This article is sponsored by Crowe LLP
ESG has been a central focus of private equity firms for several years now. How has this evolved recently toward a more formalized approach?
The overall focus on ESG data and reporting has become much more serious due to increasing stakeholder demands. For a start, you can’t ignore the regulators and the SEC, in particular. The SEC has a very simple but critical premise: ESG information is important to investors and impacts the allocation of capital. So, anything someone says about ESG issues, broadly defined, equals an investor disclosure. That creates a new level of responsibility in communications and opens you up to the risk of enforcement actions.
The SEC has an ESG and Climate Task Force, and even without new regulations in place – they haven’t passed the climate rule yet – they have already pursued many enforcement actions in the last couple of years because they have made that link between ESG information and investor disclosures. They are saying that, just like telling someone ‘we’re going to earn a certain rate of return,’ if you say, ‘we’re a green fund’ or ‘we have certain ESG accomplishments,’ those may be viewed as equal disclosures.
Investors are also more focused on ESG data, as are ratings agencies, customers, activists and even your employees and competitors. All these stakeholders should be considered as you assess reporting goals and obligations.
Is increased scrutiny from the SEC encouraging firms to be more or less specific in their ESG commitments?
Some firms will step up to take a leadership role and most will be pressed to improve their data and processes to better support what they have said or would like to say around ESG. Some may have to take a step back to reassess their commitments to ensure they are attainable. I suspect we will see more enforcement actions as the pressure on disclosures increases. And it’s critical to note that “disclosures” aren’t limited to investor documents or financials but broadly include any claims you make anywhere: on your website, in an advertisement, on a product label, etc.
Unlike financial or income tax reporting, there’s not yet a consistent format for ESG disclosures. There are numerous voluntary frameworks – SASB, GRI, TCFD, CDP – so the volume and content of reporting varies significantly. The reporting is not yet regulated in the same manner as audited financial filings. But the SEC is pushing now for a comparable level of rigor in the way you compile these reports.
“While we tend to focus on risks and costs, we also need to remember that ESG trends can create opportunities”
Given this pressure, it’s best to support your sustainability team with input and review from legal and compliance, internal audit, and others who can help ensure data quality and solid process and IT controls. We will see sustainability reports become more systematic, consistent and verifiable over time.
What are some regulatory developments that have caught your eye recently?
We see a proliferation of existing and pending regulations globally around supply-chain transparency, anti-human trafficking, emissions and other ESG issues.

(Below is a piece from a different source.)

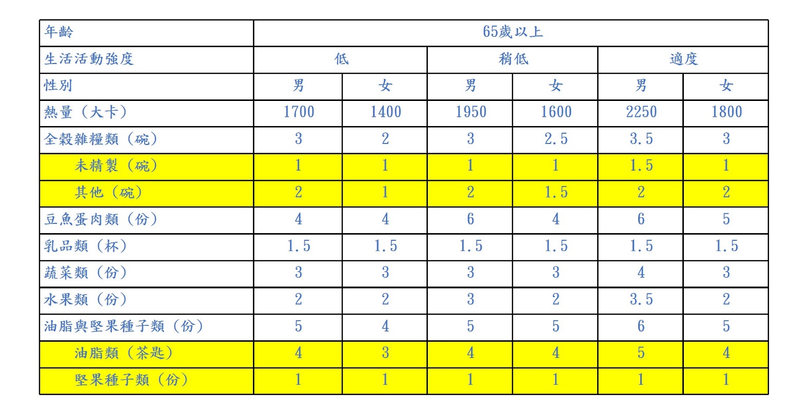 依生活型態不同與性別的區別, 65歲以上銀髮族的每日飲食建議量:

It’s critical to understand the detailed aspects of any business you are buying through a regulatory and ESG lens.
One impactful example would be purchasing a manufacturer that sources products from China. That’s very common, except now we have the Uyghur Forced Labor Prevention Act in place in the US, which bans products from a key region of China. Your due diligence on the target should drill into the supply chain to ensure your products aren’t unexpectedly banned because of an anti-slavery regulation.
Would discovering this kind of information during diligence mean a firm wouldn’t pursue the deal?
That would depend on the regulatory exposure and impact, but you can’t assess it properly if you can’t see it. You could have direct exposure, or you may buy a company that has customers subject to these regulations, and the customers can place significant data and compliance demands on you. If you are buying a business that has a heavy carbon footprint, you need to know about it in advance to understand future obligations for reporting, reductions, offsets, etc. Also consider what progress you want to make during ownership to enhance the value on exit.
What’s your advice for a private equity firm looking to completely overhaul their approach to ESG?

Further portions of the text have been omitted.